I thought he was talking about elsewhere in the Irrational Numbers plant. Next thing I knew, I was following him out the front door, across the street and through a gate into Memorial Park. Both pillars were well-stenciled with "EARTHERS GO HOME," "NATO" under the circle-and-slash symbol and "NO MORE CRATERS," in an assortment of eye-searing colors. It looked fresh.

Mike noticed me noticing. He said a word I missed — something "phage" — looking annoyed and embarrassed.

"What?"

He waved a hand towards the gate. "It won't last. I'm on the Park Committee. A coating on the concrete inhibits crosslinking and it was seeded with paint-eating bacteria. Gone by tomorrow. —Look, they are vocal but they mean no harm. Kids, mostly."

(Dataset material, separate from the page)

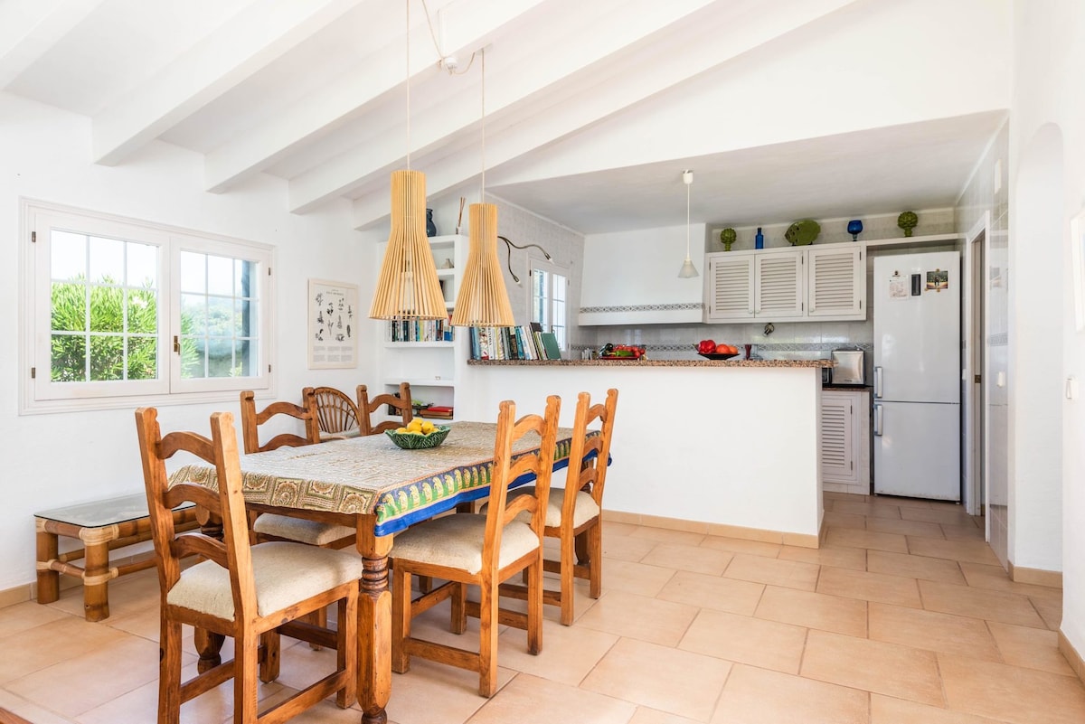 Elle est située à Binidali, Minorque, un charmant quartier résidentiel sur la côte sud de Minorque, avec vue sur la mer et à distance de marche de la plage. La propriété se trouve sur un magnifique terrain avec terrasse, piscine et vue sur la mer, idéal pour passer d'agréables moments en bonne compagnie. Clôture de piscine sur demande. La maison de plain-pied comprend trois chambres avec ventilateurs de plafond et deux salles de bains (une en suite). Barbecue et Internet. Aéroport à moins de 6 km, restaurants à proximité. Ventilateurs de plafond.

"Not in the habit of stealing 'Drive finals, then?" I asked.

"As far as I know."

"If I was inclined, this place could make me paranoid."

He smiled sourly but didn't say anything in reply. We walked across the park in silence, skirting the crater. On the far side, the rimwall had been graded down and one of the radial streets ran tangent to it. Across the street, the terrain swept down in a shallow swale and in it, a remarkable building with a huge and variegated series of roofs.

As we got nearer, it seemed to be mostly roof, held up by pillars,posts and the occasional short, random-looking stretch of wall. Various smaller sheds and trailers were scattered around in the vast roofed-over space. In the distance, the harsh blue-white glare of a welder stood out; nearer, a delicious cooking smell mingled with woodsmoke where a couple of people tended a huge kettle over an open fire. It wasn't crowded but there were a fair number of people and machines about, most of them looking busy.

A well-worn graveled path led through a pair of telephone pole-sized pillars; on the right-hand one, an ornate, neatly hand-painted sign reading "TECHNICAL ASSISTANCE COOPERATIVE #68" was nailed up slightly askew; a different hand using electric-violet paint had added a large, sloppy question mark to the end and turned the "OO" of "cooperative" into crossed eyes. Below it, a thumbtacked paper labelled "A Codified Set Of The Builder's, Crafter's, Maker's Rules" had been overstamped with a circle-A in a star, the logo of the most rabid association of the FCS; "There are NO RULES" was scrawled across it.

I stopped and looked at Mike. "This is 'R & D?'"

He gave me a crooked grin. "Best on the planet. Only one on the planet. Where do you think Doc lives?"

Edgers: about the time they're starting to seem normal, they do something to remind you they're insane.